EXERCISE BRIEF:
Starting with the line with "卡通插画消防员手拿灭火器来给电器灭火场景" in the entries below and going on through the line with "Vestavná myčka BEKO", output every line exactly and nothing more. No pictures.

#### SOURCE DATA

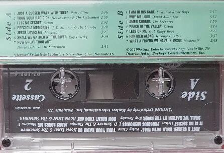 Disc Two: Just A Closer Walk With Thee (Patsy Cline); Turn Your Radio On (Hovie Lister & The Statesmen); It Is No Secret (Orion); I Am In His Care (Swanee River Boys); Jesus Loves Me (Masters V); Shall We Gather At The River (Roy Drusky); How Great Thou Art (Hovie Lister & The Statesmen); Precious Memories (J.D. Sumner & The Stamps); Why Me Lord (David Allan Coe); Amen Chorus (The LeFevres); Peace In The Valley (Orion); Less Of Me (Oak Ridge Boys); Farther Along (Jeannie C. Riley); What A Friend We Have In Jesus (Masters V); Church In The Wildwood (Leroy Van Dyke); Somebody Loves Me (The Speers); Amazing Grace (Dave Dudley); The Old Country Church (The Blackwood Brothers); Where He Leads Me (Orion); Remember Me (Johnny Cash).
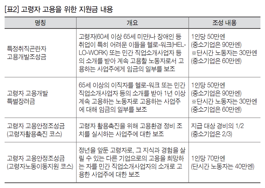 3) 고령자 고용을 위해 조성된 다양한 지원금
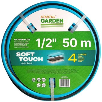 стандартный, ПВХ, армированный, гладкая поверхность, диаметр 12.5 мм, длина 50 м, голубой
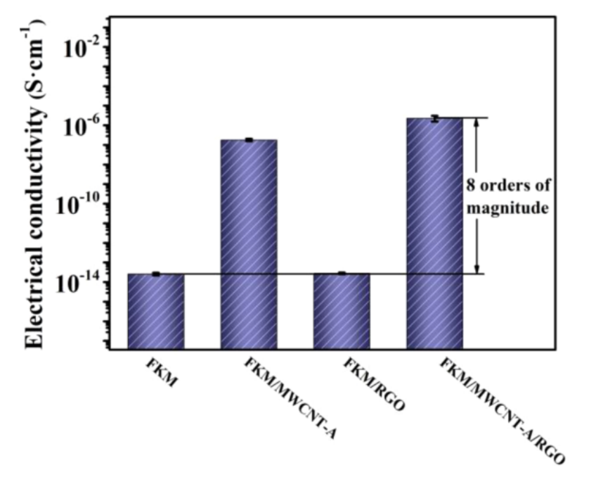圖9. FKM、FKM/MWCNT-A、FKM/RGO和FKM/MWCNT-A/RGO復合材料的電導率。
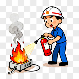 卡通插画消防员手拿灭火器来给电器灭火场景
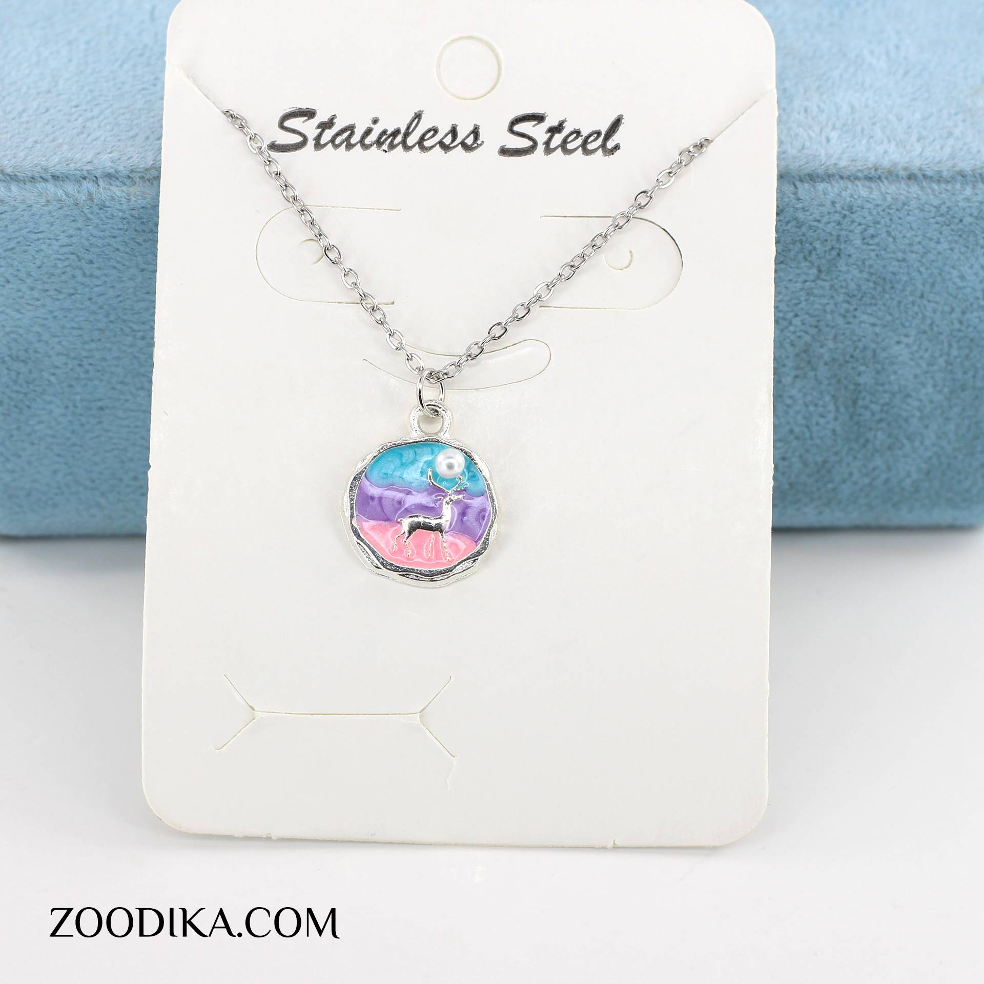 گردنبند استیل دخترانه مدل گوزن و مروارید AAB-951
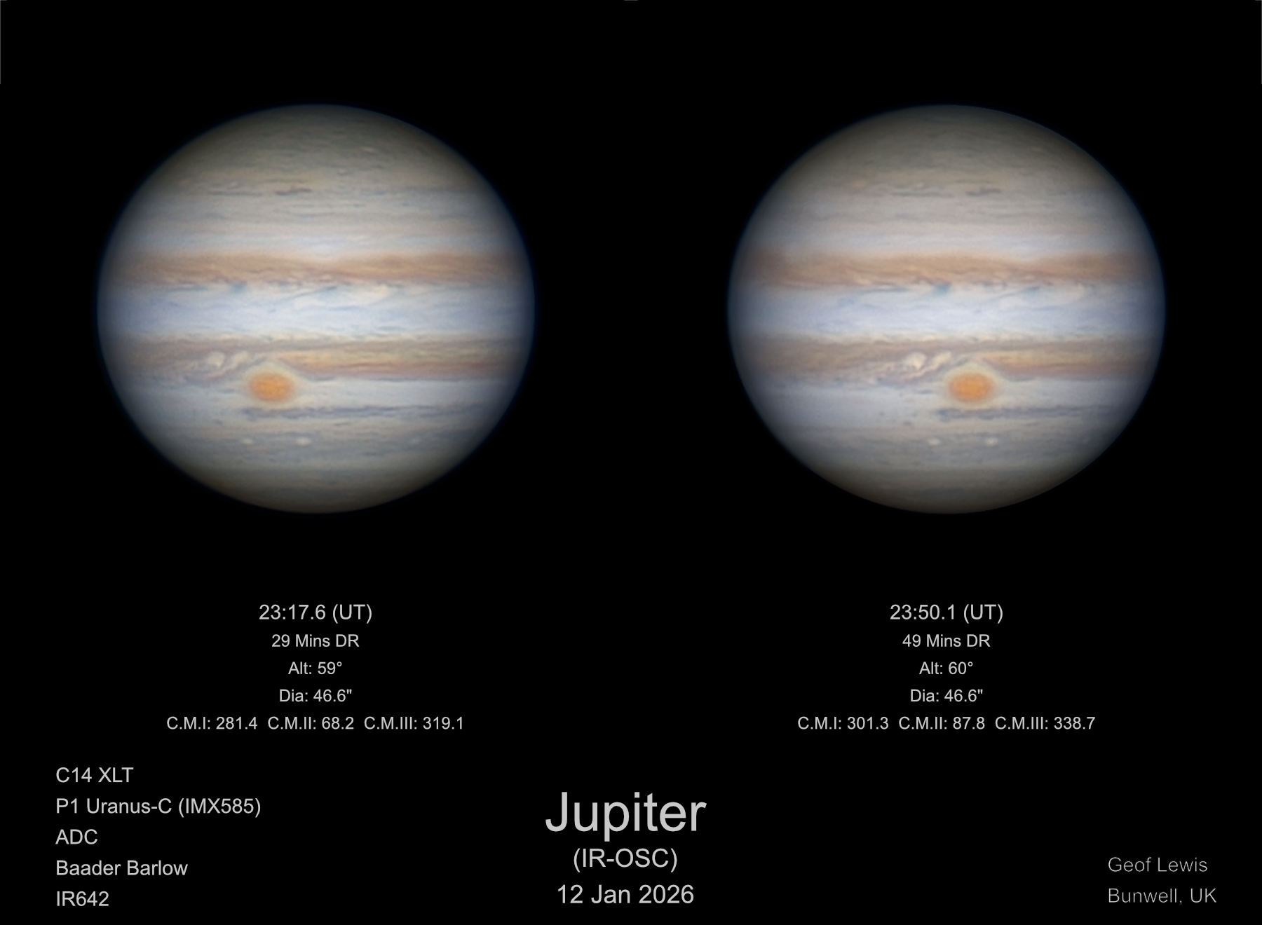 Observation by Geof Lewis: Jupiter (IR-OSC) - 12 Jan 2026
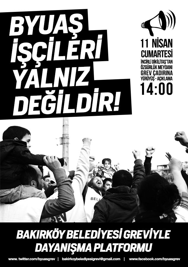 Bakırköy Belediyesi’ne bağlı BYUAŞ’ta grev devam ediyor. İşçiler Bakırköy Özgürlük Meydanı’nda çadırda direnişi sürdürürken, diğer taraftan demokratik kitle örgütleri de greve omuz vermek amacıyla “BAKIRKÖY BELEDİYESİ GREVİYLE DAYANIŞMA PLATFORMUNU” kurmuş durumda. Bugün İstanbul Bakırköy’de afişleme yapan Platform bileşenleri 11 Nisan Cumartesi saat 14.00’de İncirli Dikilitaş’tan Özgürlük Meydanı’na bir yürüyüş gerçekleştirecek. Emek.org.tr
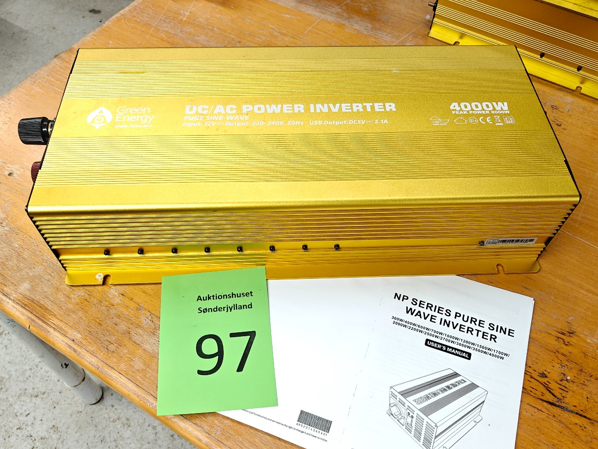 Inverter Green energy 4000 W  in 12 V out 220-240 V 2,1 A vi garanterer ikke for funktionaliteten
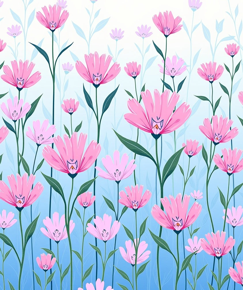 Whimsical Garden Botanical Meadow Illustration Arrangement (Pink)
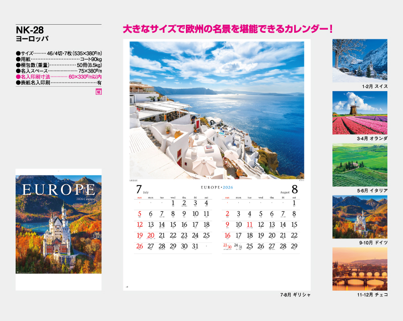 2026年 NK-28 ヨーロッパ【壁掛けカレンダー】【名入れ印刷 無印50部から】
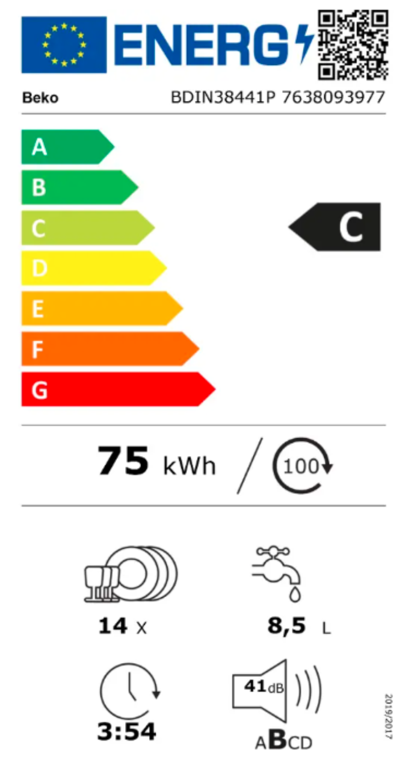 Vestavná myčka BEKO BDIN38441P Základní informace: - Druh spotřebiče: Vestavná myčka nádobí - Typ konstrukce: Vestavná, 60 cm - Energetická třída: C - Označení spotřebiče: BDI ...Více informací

########
#### SOURCE DATA

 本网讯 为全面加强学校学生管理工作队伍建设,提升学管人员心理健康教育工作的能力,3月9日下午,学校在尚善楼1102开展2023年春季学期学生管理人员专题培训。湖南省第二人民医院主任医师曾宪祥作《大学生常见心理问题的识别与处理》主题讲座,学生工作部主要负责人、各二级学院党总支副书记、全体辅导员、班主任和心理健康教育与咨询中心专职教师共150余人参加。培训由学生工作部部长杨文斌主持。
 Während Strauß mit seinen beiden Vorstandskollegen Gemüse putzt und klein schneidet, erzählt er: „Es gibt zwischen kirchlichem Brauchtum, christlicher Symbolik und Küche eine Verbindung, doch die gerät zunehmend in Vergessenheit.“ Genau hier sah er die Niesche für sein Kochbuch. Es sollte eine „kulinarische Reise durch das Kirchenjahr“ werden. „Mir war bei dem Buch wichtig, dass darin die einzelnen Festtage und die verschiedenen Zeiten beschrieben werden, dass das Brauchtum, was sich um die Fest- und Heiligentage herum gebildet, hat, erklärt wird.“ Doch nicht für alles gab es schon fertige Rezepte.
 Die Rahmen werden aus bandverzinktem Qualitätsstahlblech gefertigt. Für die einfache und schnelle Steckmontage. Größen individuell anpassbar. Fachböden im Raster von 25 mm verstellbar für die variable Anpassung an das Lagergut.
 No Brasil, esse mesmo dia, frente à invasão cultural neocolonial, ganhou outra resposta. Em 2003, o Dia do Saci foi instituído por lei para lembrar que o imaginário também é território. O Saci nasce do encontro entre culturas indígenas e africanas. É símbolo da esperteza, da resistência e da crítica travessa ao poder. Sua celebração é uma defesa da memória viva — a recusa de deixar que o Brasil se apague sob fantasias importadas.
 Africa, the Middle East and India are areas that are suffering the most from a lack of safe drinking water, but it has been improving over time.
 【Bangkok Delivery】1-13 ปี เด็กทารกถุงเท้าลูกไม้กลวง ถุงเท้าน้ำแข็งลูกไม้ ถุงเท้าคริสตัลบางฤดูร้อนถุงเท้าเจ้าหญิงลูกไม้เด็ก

########

WRITTEN RESPONSE:
 卡通插画消防员手拿灭火器来给电器灭火场景
 گردنبند استیل دخترانه مدل گوزن و مروارید AAB-951
 Observation by Geof Lewis: Jupiter (IR-OSC) - 12 Jan 2026
 Bakırköy Belediyesi’ne bağlı BYUAŞ’ta grev devam ediyor. İşçiler Bakırköy Özgürlük Meydanı’nda çadırda direnişi sürdürürken, diğer taraftan demokratik kitle örgütleri de greve omuz vermek amacıyla “BAKIRKÖY BELEDİYESİ GREVİYLE DAYANIŞMA PLATFORMUNU” kurmuş durumda. Bugün İstanbul Bakırköy’de afişleme yapan Platform bileşenleri 11 Nisan Cumartesi saat 14.00’de İncirli Dikilitaş’tan Özgürlük Meydanı’na bir yürüyüş gerçekleştirecek. Emek.org.tr
 Inverter Green energy 4000 W  in 12 V out 220-240 V 2,1 A vi garanterer ikke for funktionaliteten
 Whimsical Garden Botanical Meadow Illustration Arrangement (Pink)
 2026年 NK-28 ヨーロッパ【壁掛けカレンダー】【名入れ印刷 無印50部から】
 Vestavná myčka BEKO BDIN38441P Základní informace: - Druh spotřebiče: Vestavná myčka nádobí - Typ konstrukce: Vestavná, 60 cm - Energetická třída: C - Označení spotřebiče: BDI ...Více informací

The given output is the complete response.